Data to process:

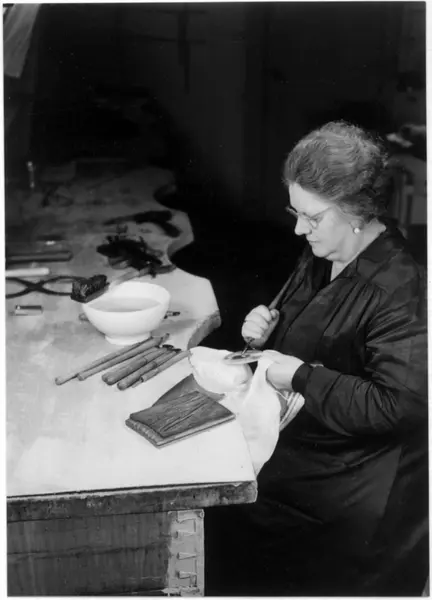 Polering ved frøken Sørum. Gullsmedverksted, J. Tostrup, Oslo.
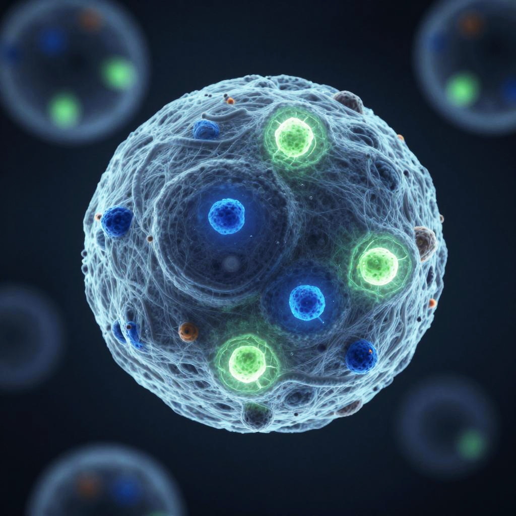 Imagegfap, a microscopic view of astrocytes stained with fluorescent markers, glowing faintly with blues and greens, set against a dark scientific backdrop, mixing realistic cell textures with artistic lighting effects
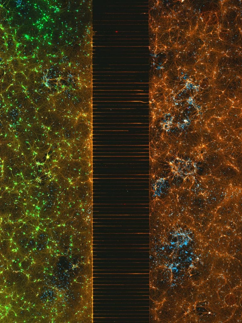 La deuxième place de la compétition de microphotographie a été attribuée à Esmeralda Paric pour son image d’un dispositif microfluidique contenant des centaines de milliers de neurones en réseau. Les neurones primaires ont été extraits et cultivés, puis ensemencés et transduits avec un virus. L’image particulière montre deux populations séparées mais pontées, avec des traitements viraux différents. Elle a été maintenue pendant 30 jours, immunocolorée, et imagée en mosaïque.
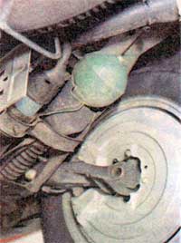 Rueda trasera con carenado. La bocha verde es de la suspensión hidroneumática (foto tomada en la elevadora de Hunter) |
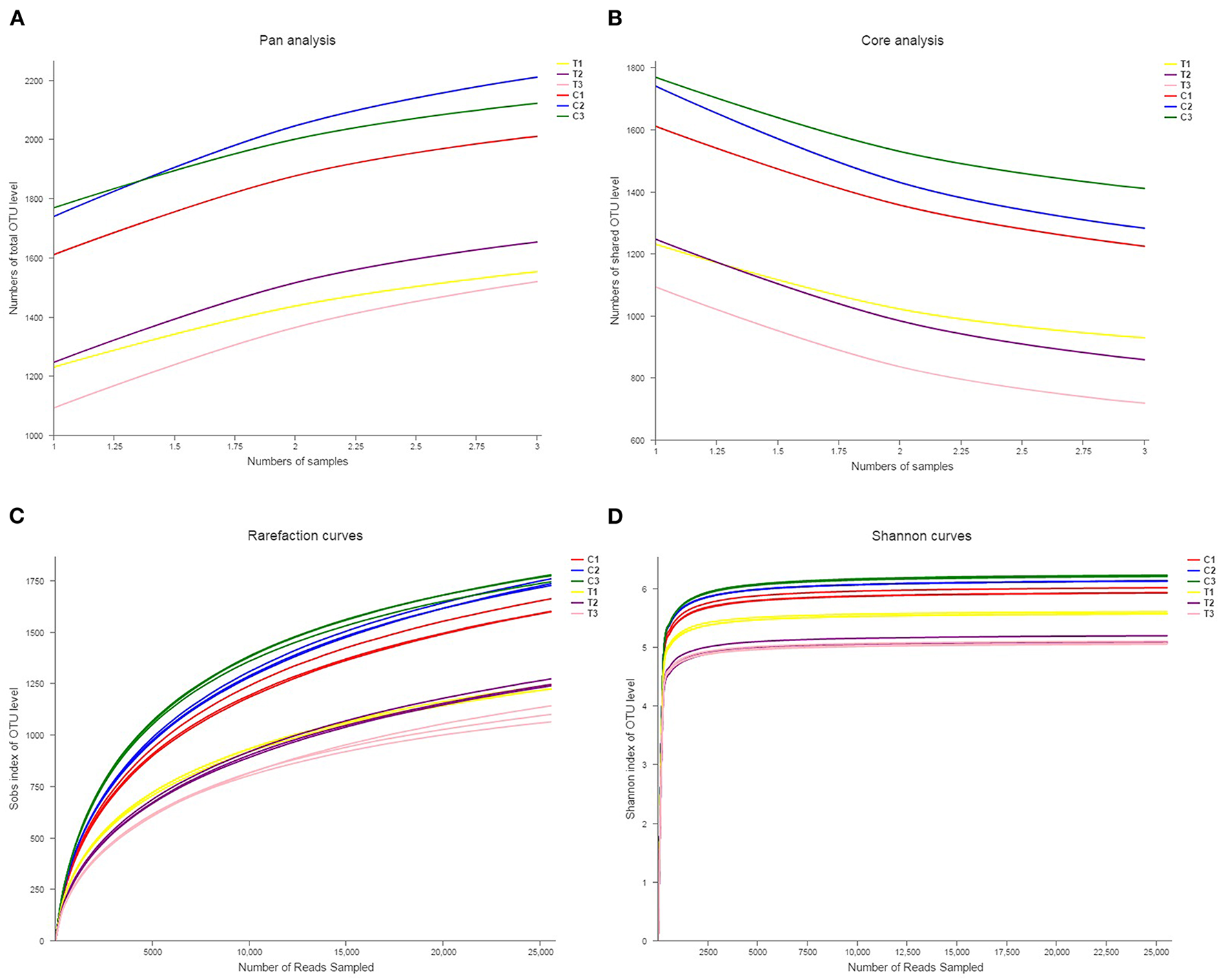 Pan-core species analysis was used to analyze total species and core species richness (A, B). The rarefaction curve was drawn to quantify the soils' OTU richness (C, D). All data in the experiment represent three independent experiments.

Problem: Return the lines from the one containing "Rueda trasera con" through the last line of the records, both included, exactly as written and with no pictures.

Problem solution:
 Rueda trasera con carenado. La bocha verde es de la suspensión hidroneumática (foto tomada en la elevadora de Hunter) |
 Pan-core species analysis was used to analyze total species and core species richness (A, B). The rarefaction curve was drawn to quantify the soils' OTU richness (C, D). All data in the experiment represent three independent experiments.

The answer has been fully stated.